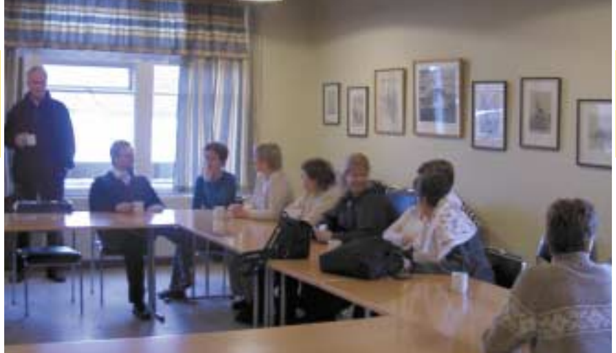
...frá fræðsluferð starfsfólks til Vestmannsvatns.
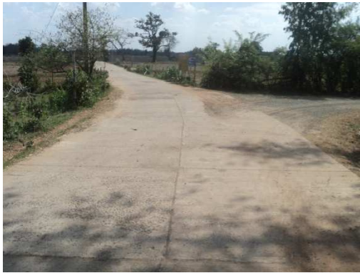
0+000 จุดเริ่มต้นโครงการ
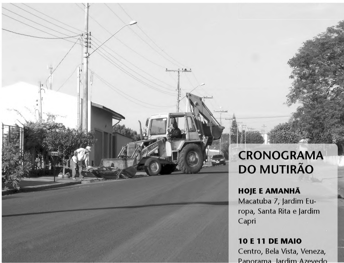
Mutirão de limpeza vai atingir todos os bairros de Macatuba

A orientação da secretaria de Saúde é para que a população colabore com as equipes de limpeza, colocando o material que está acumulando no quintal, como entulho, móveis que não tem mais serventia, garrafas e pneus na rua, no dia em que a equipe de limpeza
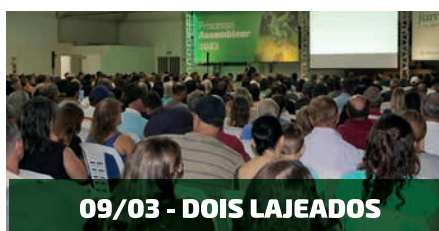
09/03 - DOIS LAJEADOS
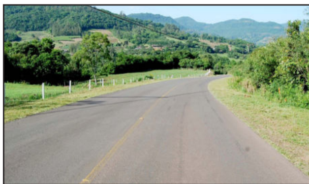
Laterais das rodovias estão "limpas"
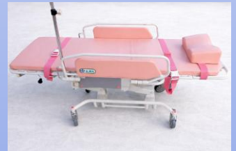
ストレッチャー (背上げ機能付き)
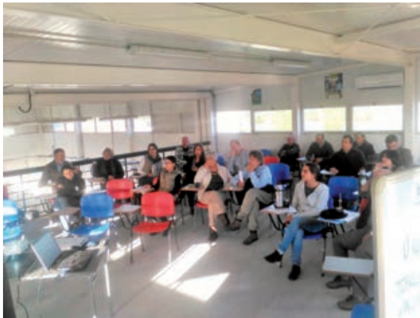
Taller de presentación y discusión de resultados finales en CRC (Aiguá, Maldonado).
* * *
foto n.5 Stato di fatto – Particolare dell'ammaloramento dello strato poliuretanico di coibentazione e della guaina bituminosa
--
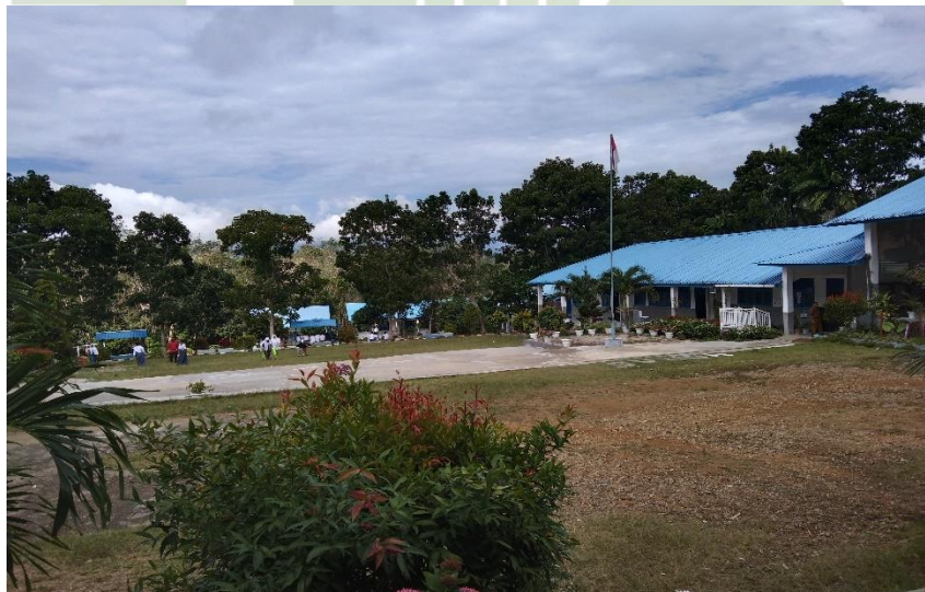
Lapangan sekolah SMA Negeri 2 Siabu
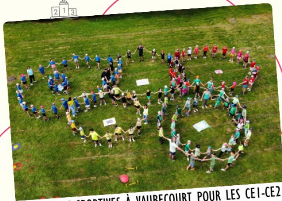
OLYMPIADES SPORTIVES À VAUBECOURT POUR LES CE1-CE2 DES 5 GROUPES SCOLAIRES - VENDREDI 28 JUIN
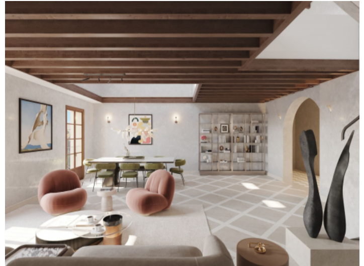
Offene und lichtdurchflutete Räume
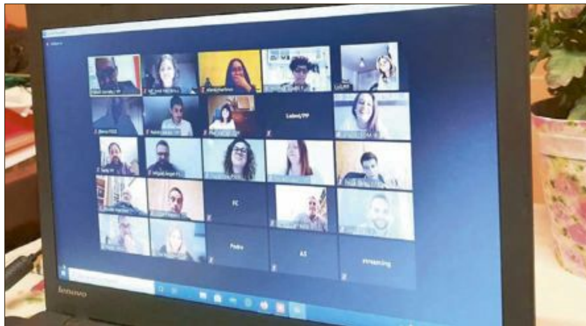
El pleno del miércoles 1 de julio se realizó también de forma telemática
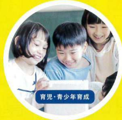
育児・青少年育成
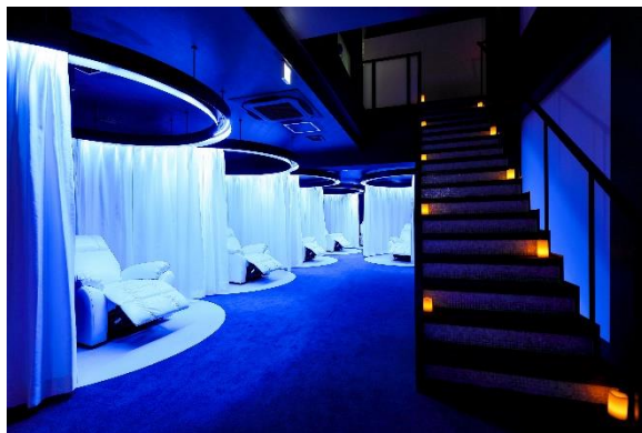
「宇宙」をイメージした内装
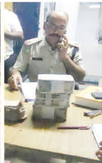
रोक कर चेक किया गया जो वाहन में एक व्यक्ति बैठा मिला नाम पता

What needs to be done – Give back exactly the lines above that run from the one with "starfsfólks til Vestmannsvatns." to the one with "Taller de presentación", including both, with the pictures left out.

Solution to the problem –
...frá fræðsluferð starfsfólks til Vestmannsvatns.
0+000 จุดเริ่มต้นโครงการ
Mutirão de limpeza vai atingir todos os bairros de Macatuba

A orientação da secretaria de Saúde é para que a população colabore com as equipes de limpeza, colocando o material que está acumulando no quintal, como entulho, móveis que não tem mais serventia, garrafas e pneus na rua, no dia em que a equipe de limpeza
09/03 - DOIS LAJEADOS
Laterais das rodovias estão "limpas"
ストレッチャー (背上げ機能付き)
Taller de presentación y discusión de resultados finales en CRC (Aiguá, Maldonado).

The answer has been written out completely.